McNabb argues for the first time on appeal that under Texas law his
offense of burglary was complete when he entered the gun shop with the intent
to steal and, thus, the subsequently stolen firearms could not be used to
facilitate a crime already committed. He argues that a plain reading of the
Guidelines implies that there must be a second crime committed before imposing
the enhancement.
Section 2K2.1(b)(6) authorizes a four-level increase of a defendant’s offense
level “[i]f the defendant used or possessed any firearm or ammunition in
connection with another felony offense.” Both the commentary following this
Guideline and this court’s interpretation of the Guideline support this
enhancement if a firearm is obtained contemporaneously with the commission
of a burglary offense. See United States v. Armstead, 114 F.3d 504, 512-13 (5th
Cir. 1997); U.S.S.G. § 2K2.1, comment. (n. 14(B)).

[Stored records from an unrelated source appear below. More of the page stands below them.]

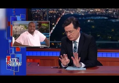 After showing a few clips from the interview, Colbert launches into his own speech inspired by Kanye's remarks, making some absurd claims about the length of hot dog buns, fashion that stops global warming, computers that fix racsim and much more. Is this a more tasteful parody than Kimmell's? Watch it above.
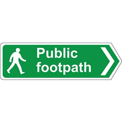 Public footpath right directional sign 3mm Aluminium sign 330mm x 100mm Digitally printed and laminated for extra durability 10mm Radius rounded corners, no sharp edges
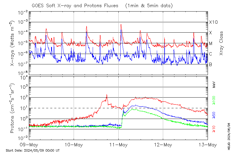 This page provides light-curves generated from GOES soft X-ray and Particle data for the date indicated at the top and the preceding three days.

Insofar as McNabb argues that the possession of the firearm was not
separate in time and conduct from the burglary, this court has rejected the
argument that the other felony offense must be distinct from the possession of
the weapon. See United States v. Perez, 585 F.3d 880, 886-87 (5th Cir. 2009);
Armstead, 114 F.3d at 512.
The district court did not plainly err in enhancing McNabb’s offense level
pursuant to § 2K2.1(b)(6). See Puckett v. United States, 129 S. Ct. 1423, 1429
(2009). The sentence imposed is AFFIRMED.